> Work instruction
From the entries that follow, copy each line in which "This" appears.

____ Source material

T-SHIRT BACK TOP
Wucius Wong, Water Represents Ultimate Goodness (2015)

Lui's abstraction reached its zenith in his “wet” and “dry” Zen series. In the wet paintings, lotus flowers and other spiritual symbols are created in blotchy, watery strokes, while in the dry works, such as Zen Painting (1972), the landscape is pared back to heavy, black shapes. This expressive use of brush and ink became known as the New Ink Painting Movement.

________
____ Source material

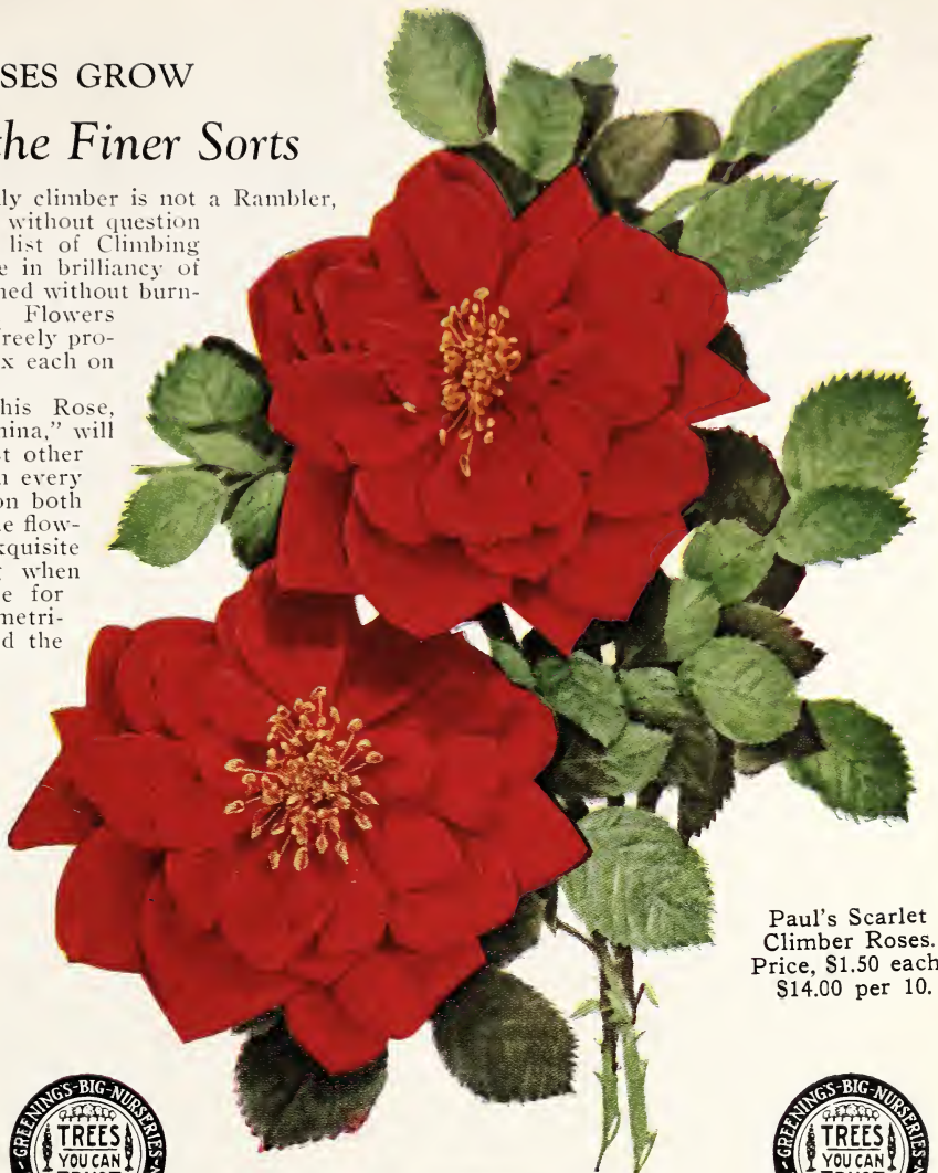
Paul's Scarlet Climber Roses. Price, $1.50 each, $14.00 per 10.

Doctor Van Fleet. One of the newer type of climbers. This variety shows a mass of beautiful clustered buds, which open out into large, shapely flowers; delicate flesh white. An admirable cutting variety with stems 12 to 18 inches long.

________

> Exercise result
Lui's abstraction reached its zenith in his “wet” and “dry” Zen series. In the wet paintings, lotus flowers and other spiritual symbols are created in blotchy, watery strokes, while in the dry works, such as Zen Painting (1972), the landscape is pared back to heavy, black shapes. This expressive use of brush and ink became known as the New Ink Painting Movement.
Doctor Van Fleet. One of the newer type of climbers. This variety shows a mass of beautiful clustered buds, which open out into large, shapely flowers; delicate flesh white. An admirable cutting variety with stems 12 to 18 inches long.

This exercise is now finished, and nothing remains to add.